HOW TO COMPLETE THIS TASK -
In the data below, find the line with "2022'nin üçüncü çeyreğinin" and the line with "กระทรวงการต่างประเทศ โพสต์ข้อความผ่านทางเฟซบุ๊ก ระบุข้อความว่า", then restate both and every line between them exactly, minus the pictures.

RECORDS SHOWN -
⟨
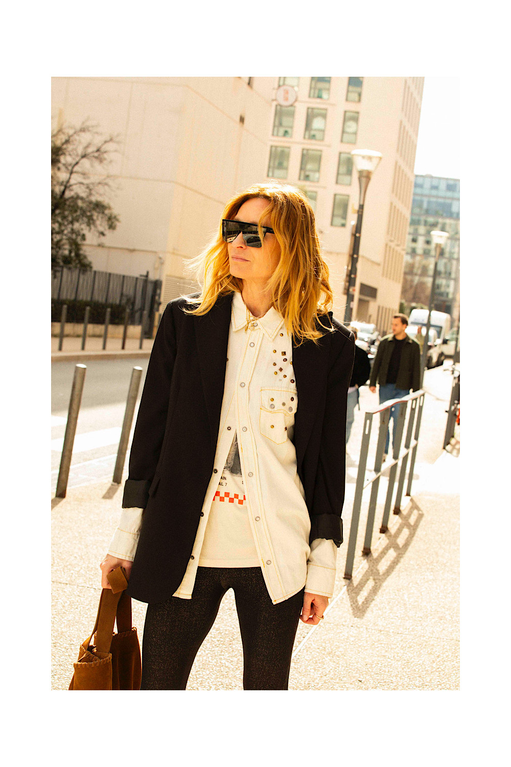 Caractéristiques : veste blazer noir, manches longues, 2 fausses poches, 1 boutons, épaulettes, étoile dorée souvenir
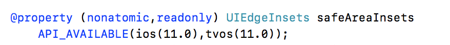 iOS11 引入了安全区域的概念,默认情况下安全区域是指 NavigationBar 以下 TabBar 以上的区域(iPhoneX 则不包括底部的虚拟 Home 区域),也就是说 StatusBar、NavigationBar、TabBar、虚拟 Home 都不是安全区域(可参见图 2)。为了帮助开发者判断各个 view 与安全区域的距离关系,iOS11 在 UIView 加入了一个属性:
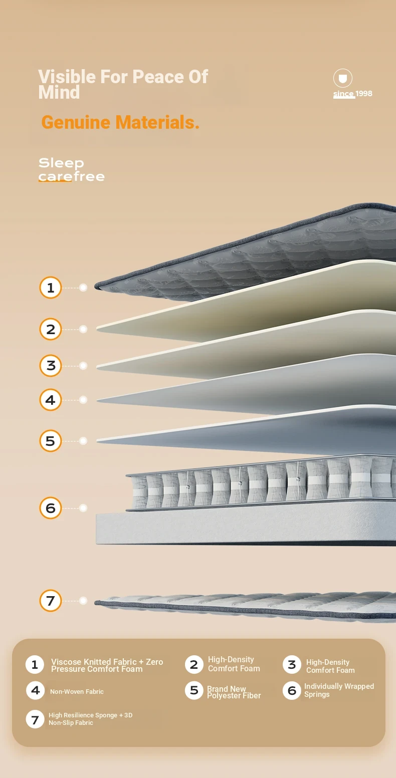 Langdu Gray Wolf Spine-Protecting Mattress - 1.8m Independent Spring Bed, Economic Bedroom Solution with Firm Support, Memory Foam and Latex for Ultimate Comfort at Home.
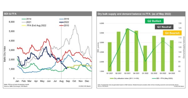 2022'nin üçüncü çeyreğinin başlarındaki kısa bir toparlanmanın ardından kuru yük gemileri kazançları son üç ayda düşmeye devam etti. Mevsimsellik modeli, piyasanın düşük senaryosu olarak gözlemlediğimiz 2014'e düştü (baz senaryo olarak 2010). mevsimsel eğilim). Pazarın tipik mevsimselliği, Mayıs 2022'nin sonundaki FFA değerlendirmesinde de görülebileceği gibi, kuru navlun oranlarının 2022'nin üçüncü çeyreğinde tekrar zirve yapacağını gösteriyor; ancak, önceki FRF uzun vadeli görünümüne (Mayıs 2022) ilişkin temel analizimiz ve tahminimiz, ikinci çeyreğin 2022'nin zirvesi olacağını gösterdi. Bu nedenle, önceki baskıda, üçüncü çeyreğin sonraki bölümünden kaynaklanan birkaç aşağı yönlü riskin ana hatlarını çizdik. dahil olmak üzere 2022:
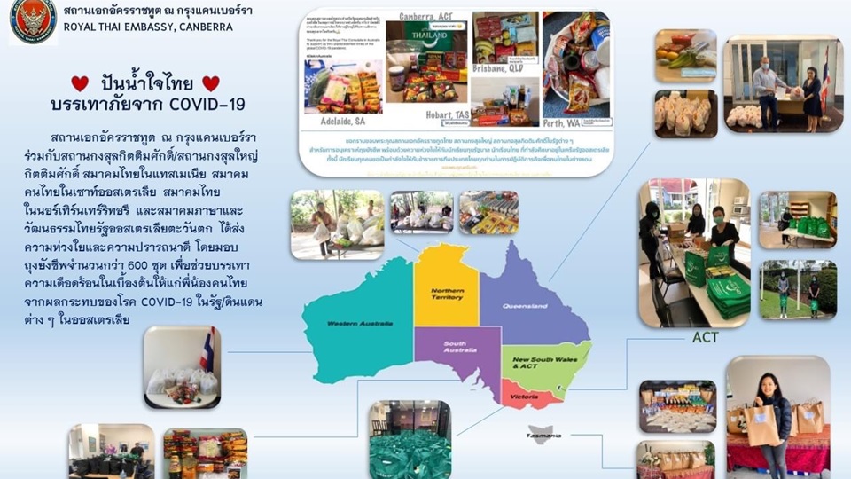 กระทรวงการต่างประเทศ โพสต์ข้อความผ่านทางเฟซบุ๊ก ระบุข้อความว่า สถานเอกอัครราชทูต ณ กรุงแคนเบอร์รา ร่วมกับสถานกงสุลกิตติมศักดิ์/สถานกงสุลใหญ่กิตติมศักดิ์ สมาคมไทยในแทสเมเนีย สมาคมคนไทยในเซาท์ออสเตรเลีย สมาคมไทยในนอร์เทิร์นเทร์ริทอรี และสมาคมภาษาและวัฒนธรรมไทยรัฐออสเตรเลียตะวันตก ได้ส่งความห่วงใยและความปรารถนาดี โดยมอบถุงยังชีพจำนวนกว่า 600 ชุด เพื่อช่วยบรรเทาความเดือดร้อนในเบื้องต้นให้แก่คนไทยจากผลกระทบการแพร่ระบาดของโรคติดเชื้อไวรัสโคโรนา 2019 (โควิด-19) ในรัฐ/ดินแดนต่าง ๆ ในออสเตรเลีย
⟩
⟨
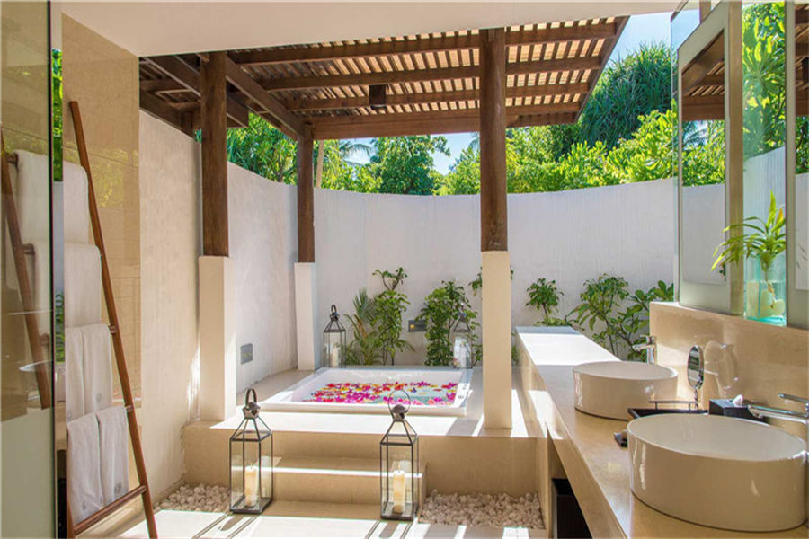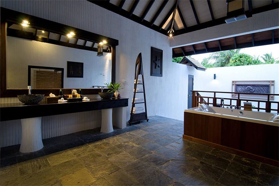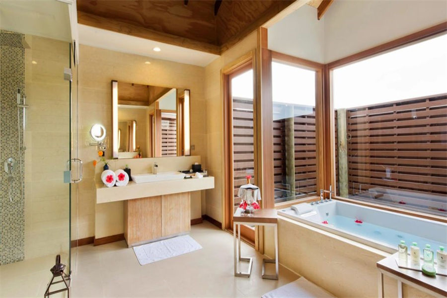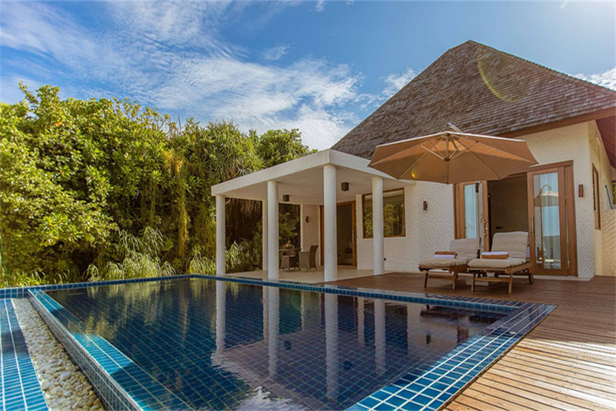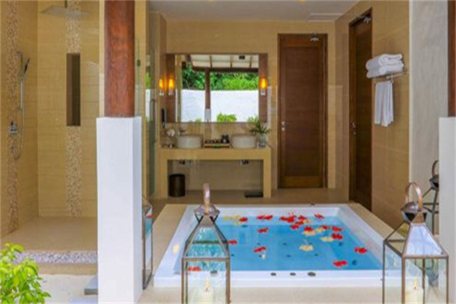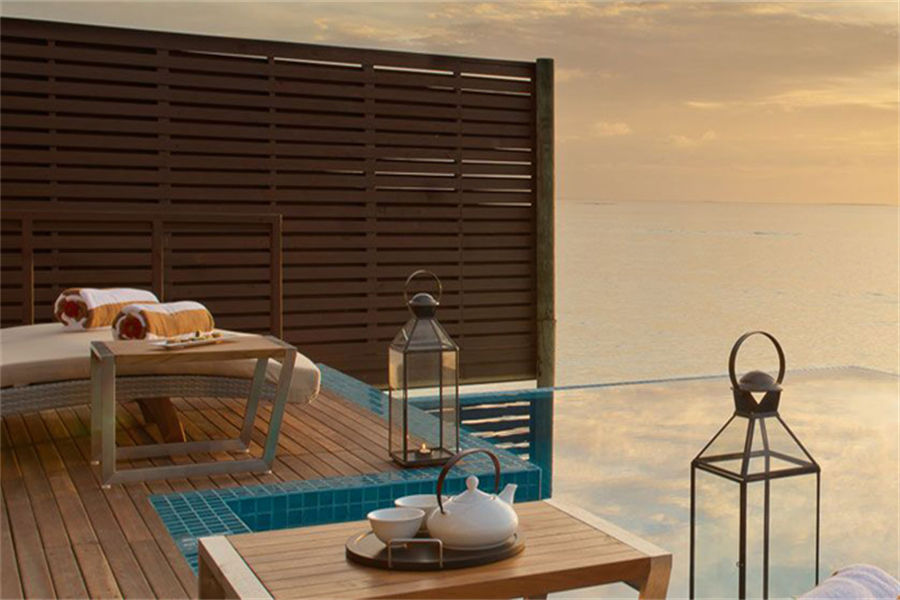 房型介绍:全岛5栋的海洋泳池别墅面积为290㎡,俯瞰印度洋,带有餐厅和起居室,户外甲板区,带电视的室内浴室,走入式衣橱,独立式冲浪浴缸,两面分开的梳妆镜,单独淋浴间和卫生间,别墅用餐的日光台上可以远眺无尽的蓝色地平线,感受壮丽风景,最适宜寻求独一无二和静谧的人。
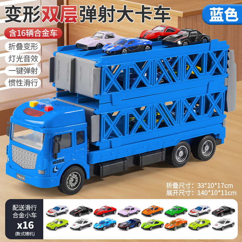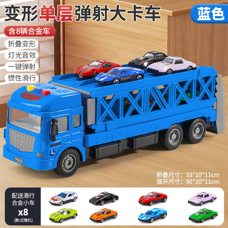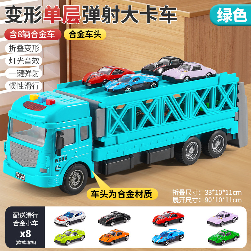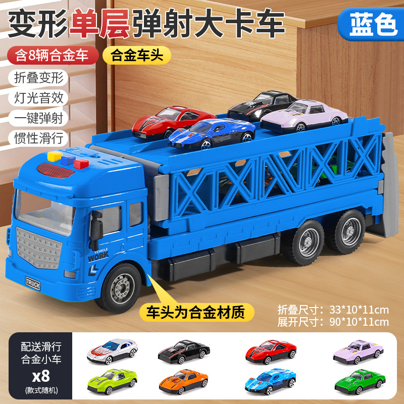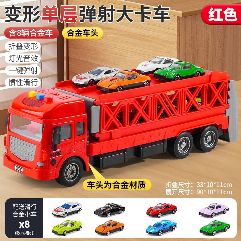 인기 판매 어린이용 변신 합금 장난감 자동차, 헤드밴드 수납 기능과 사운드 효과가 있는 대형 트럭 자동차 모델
⟩
⟨
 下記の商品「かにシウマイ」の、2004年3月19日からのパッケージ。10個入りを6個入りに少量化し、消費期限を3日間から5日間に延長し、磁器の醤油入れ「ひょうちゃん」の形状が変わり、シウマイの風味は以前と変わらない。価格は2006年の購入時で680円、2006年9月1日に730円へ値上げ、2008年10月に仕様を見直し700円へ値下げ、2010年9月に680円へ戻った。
⟩
EXPECTED OUTPUT -
 2022'nin üçüncü çeyreğinin başlarındaki kısa bir toparlanmanın ardından kuru yük gemileri kazançları son üç ayda düşmeye devam etti. Mevsimsellik modeli, piyasanın düşük senaryosu olarak gözlemlediğimiz 2014'e düştü (baz senaryo olarak 2010). mevsimsel eğilim). Pazarın tipik mevsimselliği, Mayıs 2022'nin sonundaki FFA değerlendirmesinde de görülebileceği gibi, kuru navlun oranlarının 2022'nin üçüncü çeyreğinde tekrar zirve yapacağını gösteriyor; ancak, önceki FRF uzun vadeli görünümüne (Mayıs 2022) ilişkin temel analizimiz ve tahminimiz, ikinci çeyreğin 2022'nin zirvesi olacağını gösterdi. Bu nedenle, önceki baskıda, üçüncü çeyreğin sonraki bölümünden kaynaklanan birkaç aşağı yönlü riskin ana hatlarını çizdik. dahil olmak üzere 2022:
 กระทรวงการต่างประเทศ โพสต์ข้อความผ่านทางเฟซบุ๊ก ระบุข้อความว่า สถานเอกอัครราชทูต ณ กรุงแคนเบอร์รา ร่วมกับสถานกงสุลกิตติมศักดิ์/สถานกงสุลใหญ่กิตติมศักดิ์ สมาคมไทยในแทสเมเนีย สมาคมคนไทยในเซาท์ออสเตรเลีย สมาคมไทยในนอร์เทิร์นเทร์ริทอรี และสมาคมภาษาและวัฒนธรรมไทยรัฐออสเตรเลียตะวันตก ได้ส่งความห่วงใยและความปรารถนาดี โดยมอบถุงยังชีพจำนวนกว่า 600 ชุด เพื่อช่วยบรรเทาความเดือดร้อนในเบื้องต้นให้แก่คนไทยจากผลกระทบการแพร่ระบาดของโรคติดเชื้อไวรัสโคโรนา 2019 (โควิด-19) ในรัฐ/ดินแดนต่าง ๆ ในออสเตรเลีย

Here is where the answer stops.